Business Cards and all that excitement

WHO knew that creating a business card could be such a mind tasking item??
First of all there's the who what where and why. How much is it going to cost to get how many follows up. So I am going to go pretend to do a show May 6th and 7th at a local bead shop (Bead Unique in Olympia, WA on Mud Bay Rd if you'd like to come say HI, make sure you mention that you DIDN'T see that here btw)so of course that means I need business cards right?? Fine. So I called around locally and hacked out a lung at the cost. Then figured heck, I'll just make some myself right?? Priced that out and went well well WELL!! Of course about then I get an email from Vistaprint who's haveing a sale on their PREMIUM cards!! HOT TOWN TONIGHT!! I'll just pop on over there whip up a card and be right out to the shop to clean up some more...

5 hours later mask has come on and off the card, logo's been big, small left right and centered..

should the email and website be on the front or the back

should I do the header in color and the rest in black and white??

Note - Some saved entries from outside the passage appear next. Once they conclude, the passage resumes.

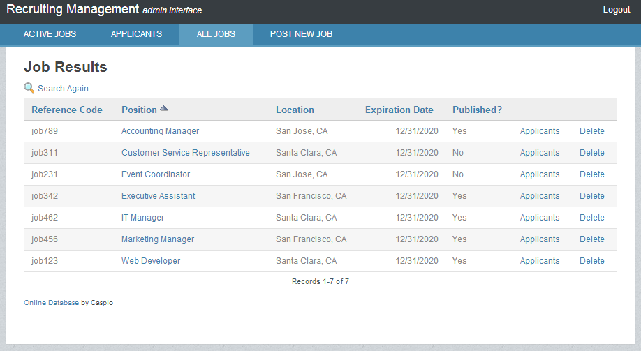To give you a better idea of the types of HR cloud applications you can create with Caspio, we have recently revamped two popular app templates: Recruiting Management and Vacation Requests.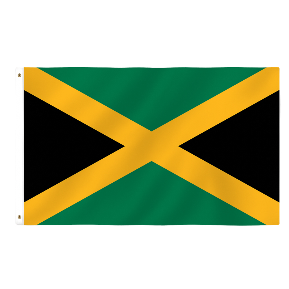 Fly your colors proudly with the Jamaica Flag, showcasing the bold black, green, and gold cross design. This flag is made from durable polyester and measures 3ft x 5ft, built to handle both indoor and outdoor conditions. It features double-stitched seams and two metal eyelets for secure hanging. A great addition for cultural celebrations, rallies, or home display, this flag is a vibrant symbol of Jamaican heritage and unity.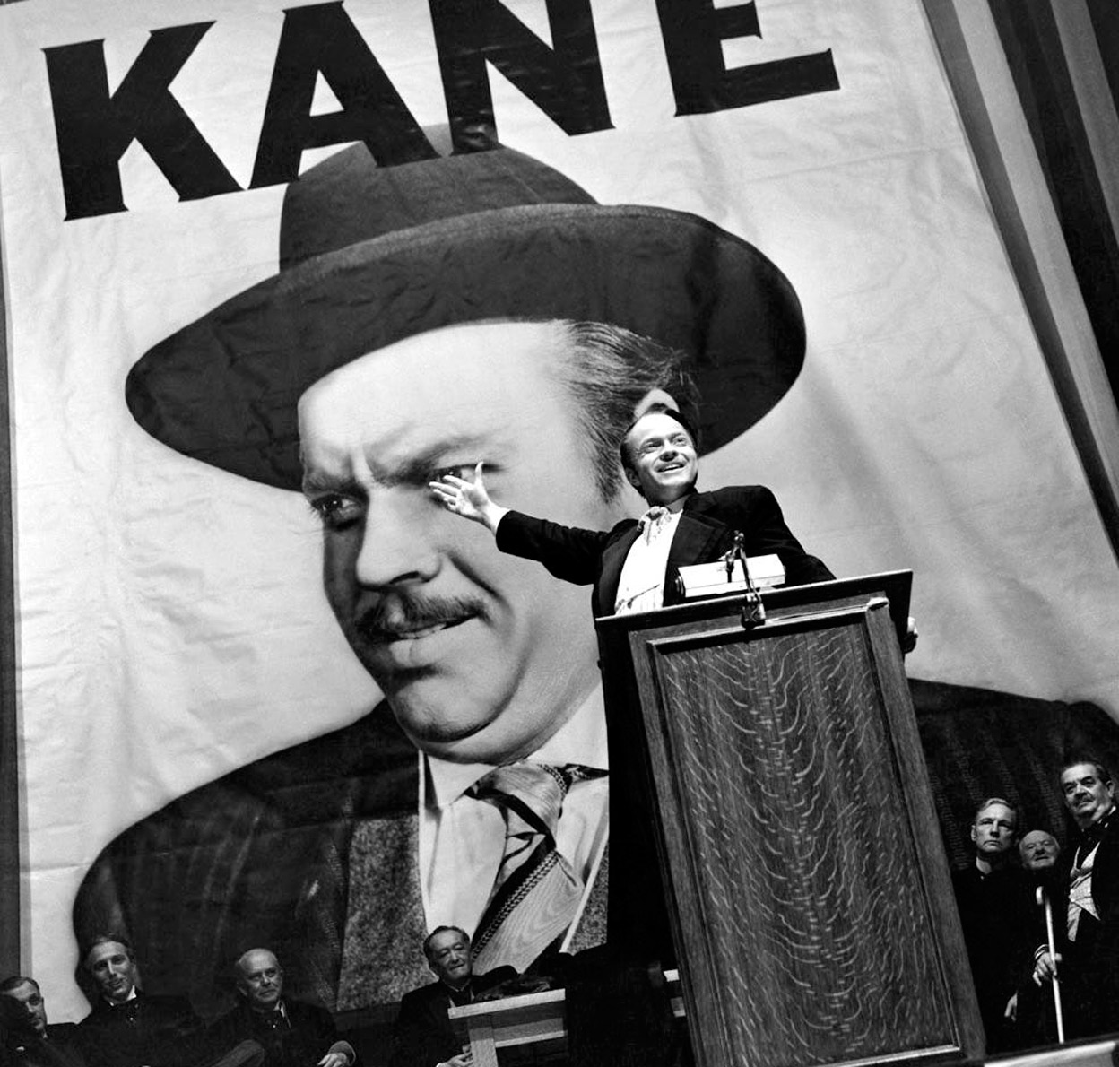 Se atreve todavía a augurar Borges que el debut de Orson Welles sólo habría de perdurar «como film cuyo valor histórico nadie niega, pero nadie se atreve a rever». Pero lo cierto es que Ciudadano Kane –como afirmara Truffaut— «es la película que ha inspirado más vocaciones cinematográficas en todo el mundo»; y me atrevería a añadir que también cinéfilas. No entraremos aquí, por pudor, a detallar su argumento, para no fatigar al lector. El talento exuberante y megalómano de Welles trasplanta técnicas de indagación periodística a la narrativa cinematográfica, al modo de un reportaje cinematográfico donde el flash-back y la entrevista, la planificación barroca y el noticiario se dan la mano. Por primera vez en la historia del cine, en Ciudadano Kane se usan lentes en los planos generales que permiten crear una sensación de 'profundidad de campo', manteniendo enfocado con igual nitidez tanto lo que está en primer como en último plano. De este modo, Welles sustituye el habitual travelling por panorámicas de alto sentido dramático, que además le permiten hacer tomas más largas sin fragmentar la acción.

how long can it really take to try and match on a color slider one of the colors in the header to the font??

Is it done?? Show everyone for correction
Umm is your website really "www.aglassbash@comcast.net"?? or is that an error??
Can you make the printing larger so we don't have to squint??
Are you SURE that's centered??
Wouldn't you rather do this in another font style??
I am not sure if you worded that right...

well any how.. A WHOLE lot of hours, later I have a new respect for people that do this stuff for a living and can almost understand why their so expensive to get done..

SO did you creat your own card or did you realize that really, it was worth the extra 30.00 to have someone with the patience and know how to do it for you??


Well hopefully this new and exciting business card will make people start beating down my door in droves!! There's always chance isn't there???

Sunday, March 21, 2010

Twisted Lilies

I completed a wonderful peice I am calling Twisted Lilies. It's one of those peices that just sort of fell together while looking at different bits and peices I had after buying a bit of chain from one of my local bead stores.

It's sorta like one of those master card moments


swarovski crystals 5 years ago
rose quartz lilies last year July
silver lilies last year August
Lampworke bead by Leila Carras (http://www.leilamae.com/) Sept last year
Furnace Glass borrowed from Leila as well in Sept last year
Chain bought in Novemember of last year

1 necklace with no "hmmm's I should have, or maybe if I " involved in it?? PRICELESS~~



A Glass Bash on The Arts Map

A Glass Bash on The Arts Map\\

If your like me your always looking for artists around you, near you... hoping to find those people who are going to help you inspire, create and just learn something new!! Here's a new way to try and find those that may become near and dear to your heart!! Please be aware that you DO NOT have to put in your address, just the city you belong to so that if you don't want people to know any more or less than they need to, they don't have to!! Wonderful I really think this is!!